On 27/06/13 09:40, Graham St Jack wrote:
Bottom-up-build (bub) is a build system written in D which supports
building of large C/C++/D projects.

I've worked with Graham in the past and can attest to bub's coolness.

My pet project 'terminol' is about a month away from an initial release, but given that is uses the bub build system, and that Graham has made his announcement, it could be interest now to anyone wishing to see a small project that uses bub:

  https://github.com/bagnose/terminol

Briefly: terminol is a lightweight terminal emulator for Linux, essentially aimed at being a rxvt-unicode refresh. It should checkout, build fine with bub, but so far I'm the only one who ever has. I'm sorry, it's not written in D (it's written in C++11) but I am a huge fan of D.

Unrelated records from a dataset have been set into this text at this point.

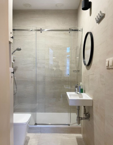 - łazienka : kabina prysznicowa 70cm x160 cm z przesuwnymi drzwiami, umywalka, toaleta, kaloryfer, pralka w zabudowie meblowej, piec gazowy z zamkniętą komorą spalania,
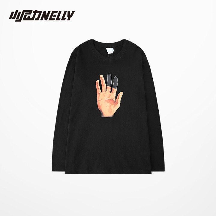 Giới thiệu Áo thun dài tay NELLY cotton 100% dáng unisex form rộng in hình bàn tay mã N0156
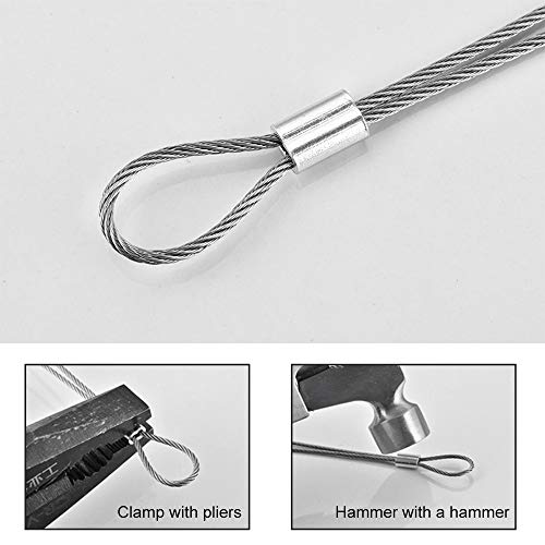 Eenvoudig te gebruiken: Aluminium krimp lus mouwen zijn gemakkelijk en moeiteloos te gebruiken. Sluit beide uiteinden van de geleidingsdraad eenvoudig met bankschroef, tang of persgereedschap.
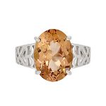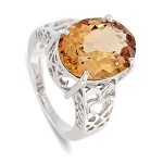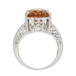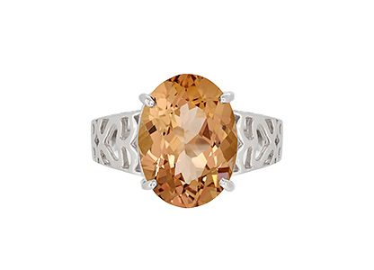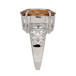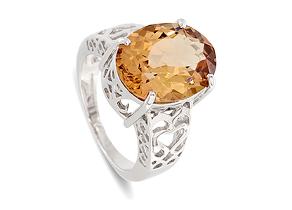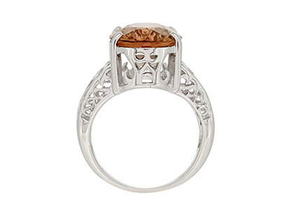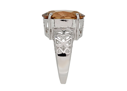 This large, vibrant, oval Smoky quartz stone, measures 16mm x 12mm and it is set into a gorgeous tapering white gold band, pierced out with a lovely scroll and heart pattern to both side shoulders.
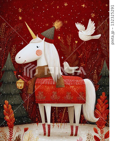 Whimsical Christmas Unicorn in Red Forest Magical Winter Holiday Illustration
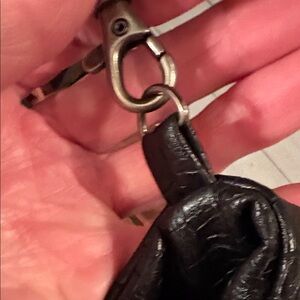 Chic black shoulder bag with textured finish. Features metallic accents and signature logo. Ideal for stylish outings.
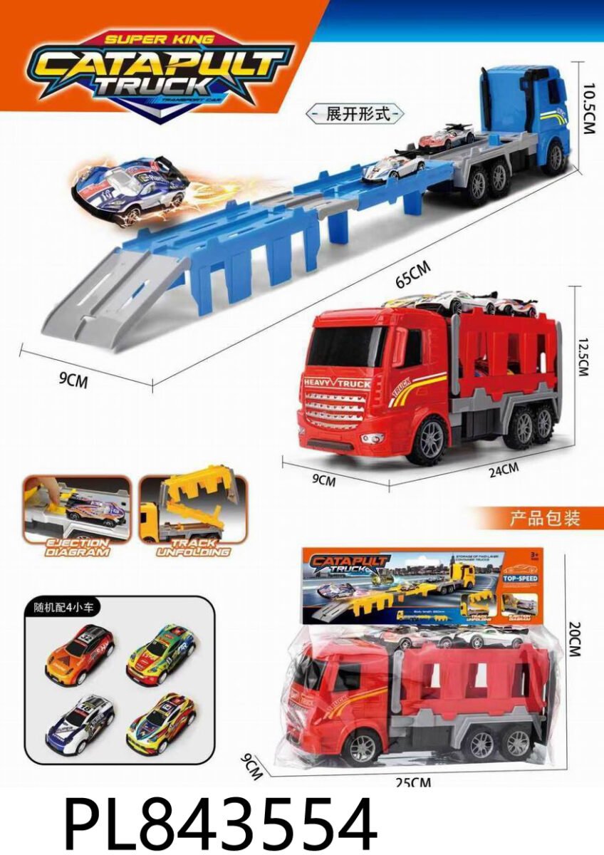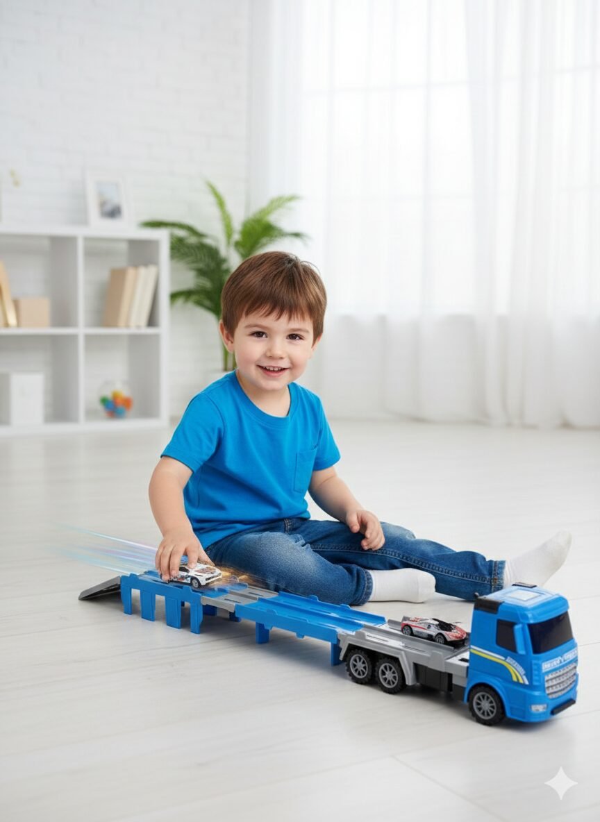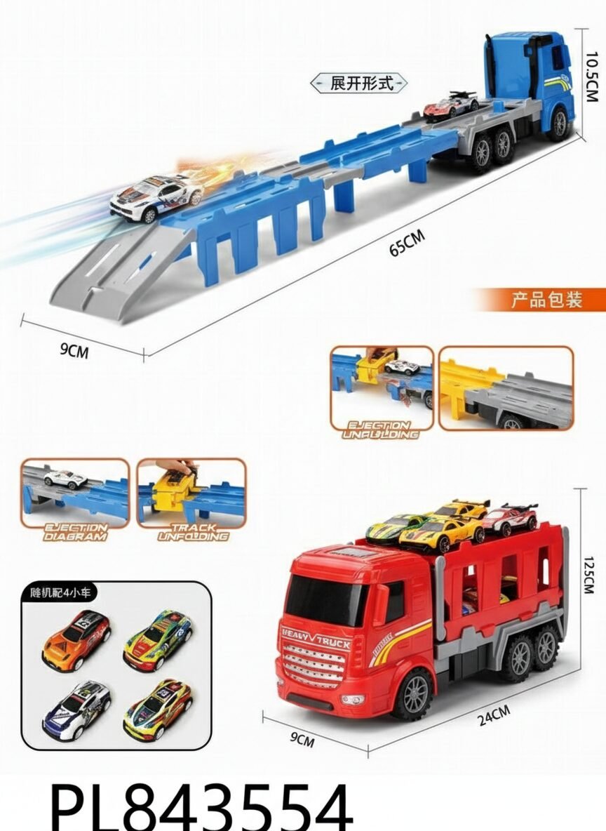 Más que un transporte, es una pista de lanzamiento móvil. Este innovador camión rojo de carga pesada esconde un secreto: su remolque se despliega para transformarse en una extensa pista de 65 cm con catapulta integrada. Coloca tus autos, activa el mecanismo de eyección y mira cómo salen disparados hacia la victoria.
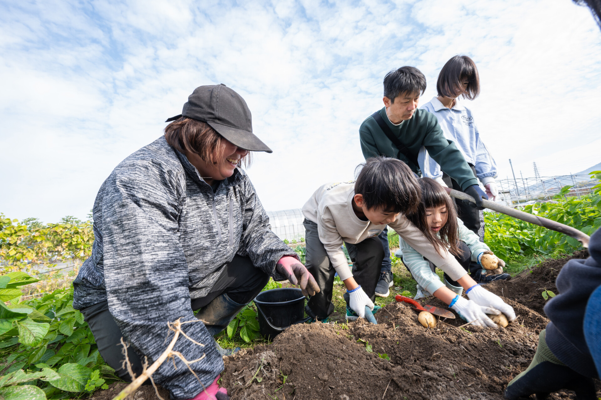 「ジャガイモってこんなに実がつくんだ」と驚く大人のそばで、「畑からカエルが出てきた、こわい!」と子どもたちが声を上げています。
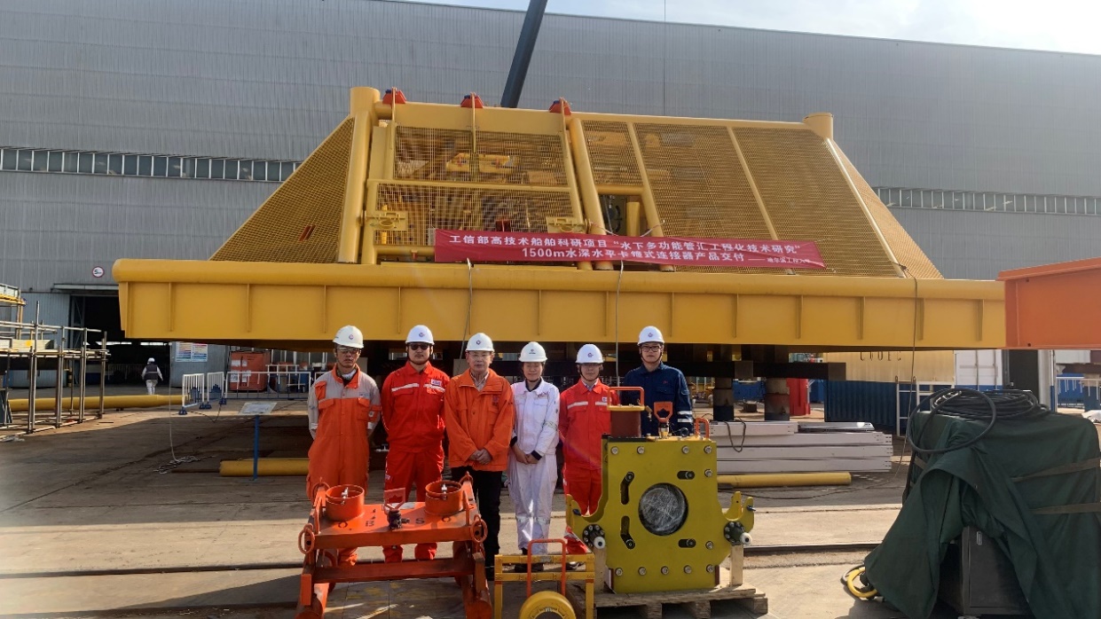 研制的深水水平卡箍式连接器,是国内首台实际应用并进行挪威船级社(DNV)认证的国产化深水水平式连接器,解决了深水水平连接的“卡脖子”技术,于2022年在我国南海乐东22-1油气田进行国内首例国产化连接器的工程应用。标志着我国掌握了深海油气田水下生产系统连接装备设计、制造、测试及海上安装能力,使我国成为世界上少数几个掌握该项技术的国家之一。
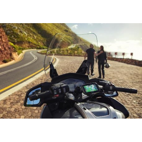 Otočte zariadenie do portrétnej polohy a uvidíte ďalšie zákruty, ktoré vás čakajú na trase, takže sa na ne môžete pripraviť. Inovatívny otočný držiak tohto navigačného zariadenia pre motocykle umožňuje jednoduché prepínanie medzi zobrazením na šírku a na výšku.
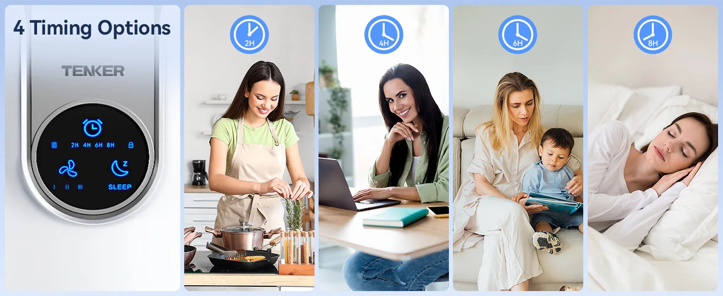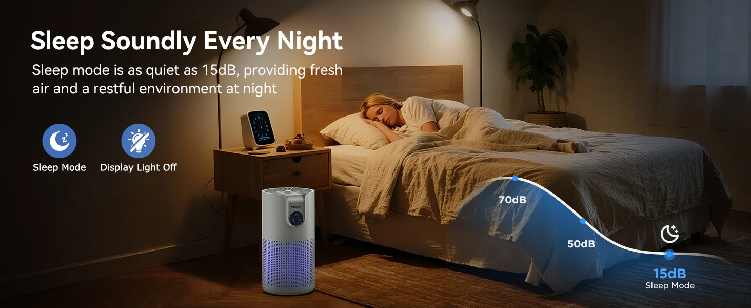 Featuring four timer presets (2H/4H/6H/8H) and four fan modes (Sleep/Low/Med/High), it captures air pollutants as needed. The 15dB sleep mode operates silently, ensuring undisturbed sleep—even light-sleeping babies can enjoy comfortable air on quiet nights. The child safety lock prevents accidental operations by pets or kids (the night light can be toggled on/off at any time).
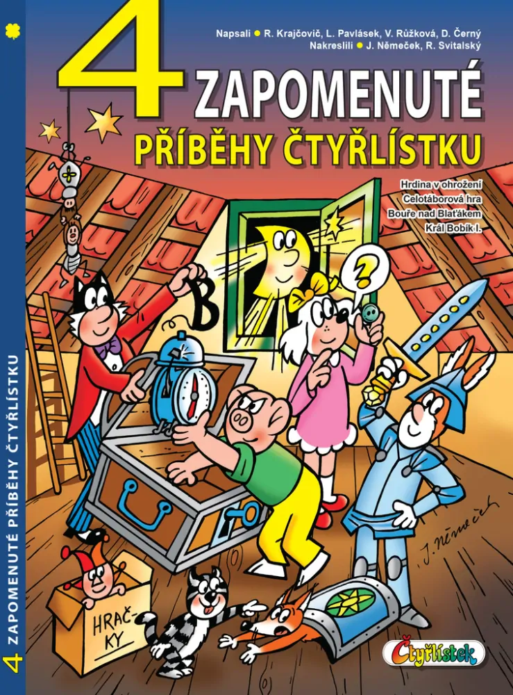 Nová komiksová knížka z oblíbené edice čtyř příběhů přináší další dobrodružství veselé party ze Čtyřlístku. Fifinka, Bobík, Pinďa a Myšpulín v ní zažijí příběhy tentokrát na téma zapomenutých příběhů. Jestlipak už jste doma dělali velký úklid? Ve sklepě nebo na půdě, kde je spousta krabic a v nich odložené věci. Takové, na které se už dávno zapomnělo, ale jsou tam uschovány pro případ, že by se jednou mohly hodit. A přesně to se stane našim kamarádům, když na půdě objeví starou truhlu a v ní čtyři předměty. Škrabošku, meč, knoflík a budík. Díky nim si tak připomenou dávno zapomenuté příběhy jednoho léta.

Having worked with GNU Make, Jam and autotools (and looked closely at several others) I find bub very pleasant to use indeed. I won't repeat the benefits that Graham already espoused.

I think the focus with bub thus far has been to develop its core approaches: unifying C/C++/D, bottom-up-build, library inference, circularity detection, etc. As such, it is a little unfurnished at the edges. For example, bub does not have a defined scheme for determining things like: what libraries does the user have available and what are their peculiarities (versions, location, etc). At the moment the user may need to do a bit of bub.cfg customisation of their own to make things work.

Those things are the next hurdle and will be interesting to discuss. However I think bub already demonstrates the promise of greatness and is worth taking a good look at.